Since a single log file can contain thousands of text entries, you should disable word wrapping in Notepad to preserve column formatting. Further, if you open the log file in a spreadsheet, all of the fields will be organized into columns for easier analysis.
Windows Firewall logs contain information about allowed and blocked attempts to communicate with your computer through the firewall. If you’re troubleshooting a connection problem or trying to find out whether someone’s trying to break into your computer, examining these logs can be helpful.
Where are Windows Firewall Logs?
Windows Firewall logs are stored in the %WINDIR%\system32\Logfiles\Firewall directory.
If you’re not sure where that is, you can open up File Explorer and type “%WINDIR%\system32\Logfiles\Firewall” into the address bar. That will take you right to the folder.
How to View Windows Firewall Logs?
Via Control Panel
Windows Firewall logs can be viewed using the Event Viewer tool.
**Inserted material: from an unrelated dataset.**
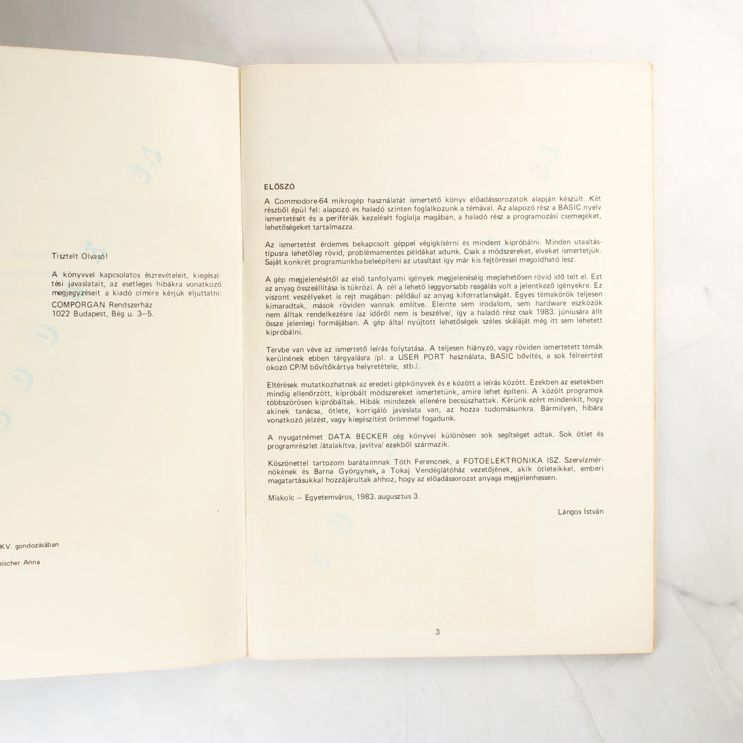 Lángos István: A Commodore 64 mikrogép kezelése és programozása című szakkönyve. A puhafedeles kiadvány borítója kék alapszínű, felső részén narancssárga és fehér négyzetekből álló absztrakt grafika látható. A könyv a COMPORGAN Rendszerház gondozásában jelent meg. A belső oldalakon látható szöveg szerint a kézirat 1983-ban készült. A borítón és a gerinc mentén enyhe használati nyomok, kopások és apróbb gyűrődések figyelhetők meg. A papír az idő múlásával enyhén sárgult, de a szöveg és a grafika tisztán kivehető.

- To access the Event Viewer, open the Control Panel and navigate to System and Security > Administrative Tools > Event Viewer.
- Once in the Event Viewer, expand the Windows Logs folder and select the Security log.
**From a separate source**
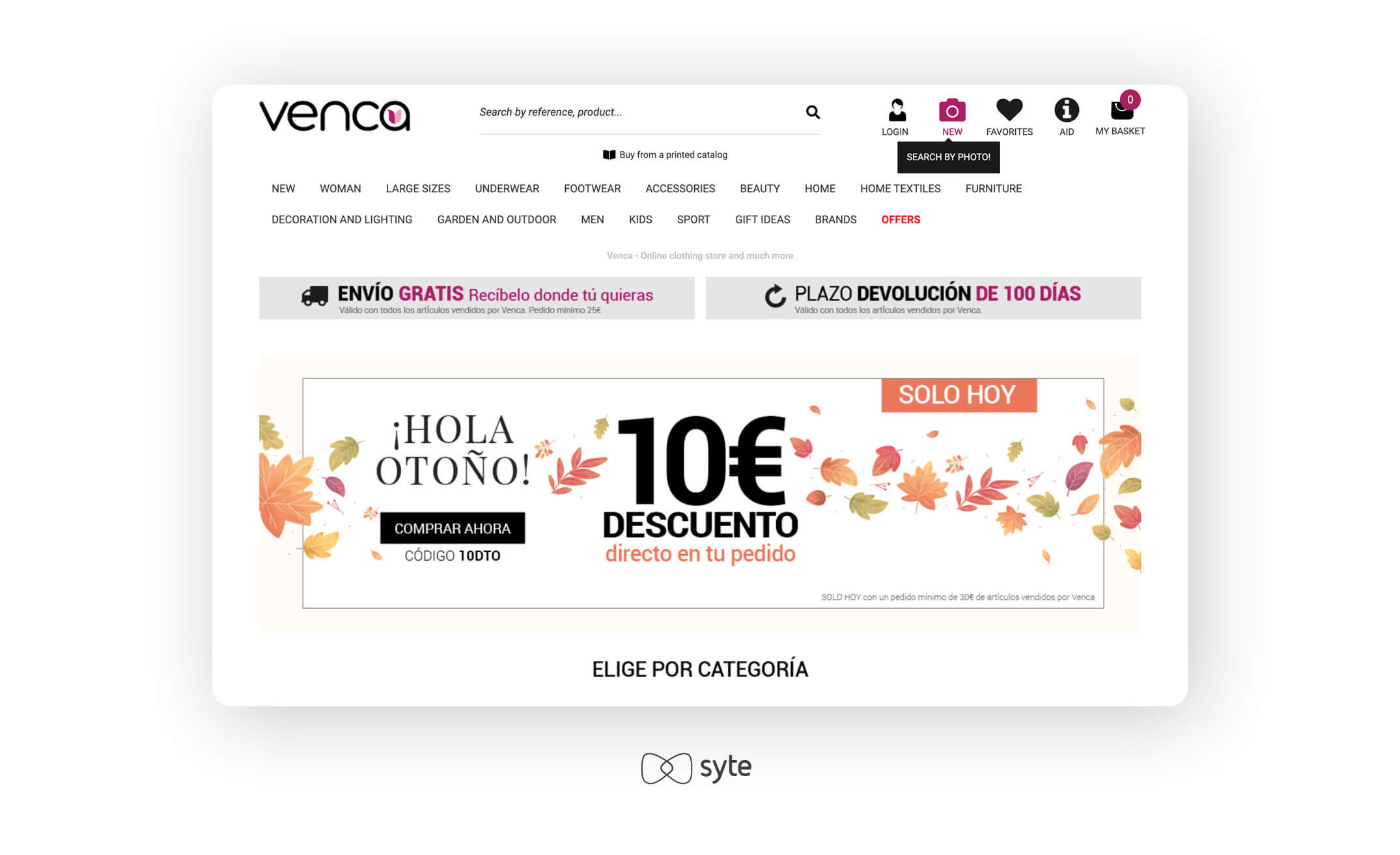 Venca, one of Spainâs top 10 fashion retailers and a Syte customer, provides shoppers with multiple ways to discover products on their site. Alongside a standard search bar, they offer Syteâs Camera Search tool, adding a unique, visual way to explore items. With clear navigation, prominently featured categories, and quick access to favorites and the shopping cart, Venca ensures a seamless and engaging browsing experience for customers.

- The Security log will contain all of the events that have been logged by the Windows Firewall.
Via Run Program
1. Open Event Viewer
To open Event Viewer, press the Windows key + R, type eventvwr, and press Enter.
2. Expand the Windows Logs Folder
Once the Event Viewer is open, expand the Windows Logs folder. This folder contains all of the logs for events that have occurred on your computer, including the firewall logs.
3. Select Security Log
Within the Windows Logs folder, select the Security log. This log contains all of the events related to security, including those related to the firewall.
4. Filter Events
You can use the Filter Current Log option to filter the events that are displayed in the security log.
- For example, you can filter by Event ID, which will only display events with a specific ID number.
- Alternatively, you can filter by Source, which will only display events from a specific source. In this case, you would want to filter by Source=” Microsoft-Windows-Security-Auditing” to only display firewall-related events.
5. View Events
Once you have filtered the security log to only display firewall-related events, you can then view the details of each event by double-clicking it. The details of each event will include information such as when it occurred, what action was taken (e.g., allow or block), and which program or process was affected.